On Tue, 3 May 2011, Ole Tange wrote:
On Tue, May 3, 2011 at 5:06 PM, Rhys Ulerich wrote:
Following a recent discussion on the list I have given some thought
to making an option --nest.
My first thought was --multiply (as in multiply list 1 with list 2)
but I agree that --nest (as in nested for loops) is better.
Hmm... along the lines of --multiply I'd have said --outer as in
outer product. You could then also have --inner as in inner product
which would concatenate lines from multiple files prior to
processing.
I would like the option to be called something that people might
google for. I personally would never have googled for outer and inner.

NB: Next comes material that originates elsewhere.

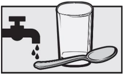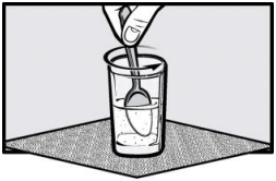 9. Fyll på glasset med samme mengde vann (ca. 25 ml). Rør om innholdet med den samme skjeen for å ta med evt. rester av legemiddel som er igjen i glasset eller på skjeen.

I might have googled for multiply.
Can we come up with an even better word? Maybe something already used
elsewhere?
My first thought was --cross (from cross product). (Maybe --cartesian
(from Cartesian product)?)
'--cross' has the disadvantage of being very overloaded (cross product,
(a)cross different hosts, cross-compilation, etc.). On the other hand,
we're talking about software with the name 'parallel', so being
unambiguous is obviously not priority #1... ;-)

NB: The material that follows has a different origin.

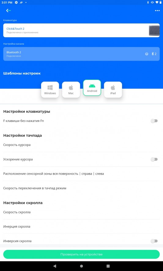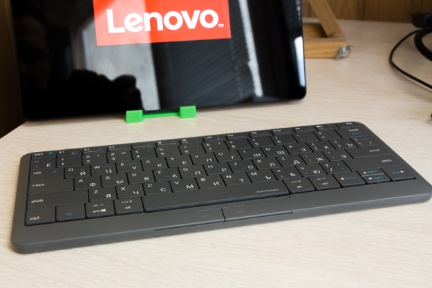 Если неделю попользуетесь и привыкните к этой клавиатуре, потом захотите такого же от своей клавиатуры в ноутбуке или компьютере. Реакция клавиатуры на действия пользователя моментальная. Набор текста Основная задача клавиатуры – набор текстовой и цифровой информации. Этот процесс должен быть комфортным и удобных, а иначе зачем покупать для этого отдельный аксессуар, на смартфонах и планшетах можно пользоваться стандартной на экранной клавиатурой. Клавиши с ножничным переключателем имеют ход около 1-1,5 мм и удобны своим немаленьким размером даже для набора текста в слепую. Между клавишами почти нет места, они должны касаться друг друга, чтобы поверхность была более гладкой / плоской при работе тачпада. Для тех же, кто привык печатать на больших клавиатурах, придется немного подстраиваться. Пару часов и готово! Автономность В Prestigio Click&Touch 2 встроен аккумулятор емкостью 1800 мАч, которого хватает на 14-16 часов работы. Если на время не работаете с устройством, оно переходит в режим ожидания и потребление энергии снижается. Полная зарядка занимает до 2 часов. Варианты использования С мышкой все-таки удобней! Особенно для работы и обработки контента. А вот позицию мобильной клавиатурой для поездок, подключения к смарт-ТВ или ТВ-приставке, игровой приставке, для работы на планшете или смартфоне вдали от основного рабочего места – идеальный вариант. Выводы Prestigio Click&Touch 2 – универсальная и многофункциональная клавиатура. Это не классический аксессуар для набора текста на ПК, хотя и эту функцию она обеспечивает на 100%. Помимо персонального компьютера, устройство дополнительно позволяет подключиться к трем мобильным гаджетам, быстро переключаться между ними, а также использоваться поверхность клавиш в качестве тачпада.
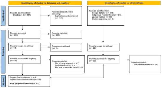 The academic database search yielded a total number of 384 records using the search strategy on five electronic databases (Medline = 124, Embase = 157, Scopus = 81, Informit Indigenous Collection = 21, Informit Family and Society Collection = 1). This was reduced to 235 after 149 duplicates were removed. A total of 235 records were then screened, with 225 records excluded. Ten reports were sought for full text retrieval and assessed for eligibility. Of these ten reports, a total of six reports representing five programs were identified through databases and included in this review.

Other preferable synonyms might be found on:
http://en.wikipedia.org/wiki/Direct_product
I'd think something called "--nest" would be handy for situations
where one wants parallel to invoke parallel.
Which is basically what --nest does:
parallel -a file1 parallel -a file2 -I {o} echo {} {o}
will be the same as:
parallel --nest -a file1 -a file2 echo {1} {2}
But it's not actually nested, which seems misleading.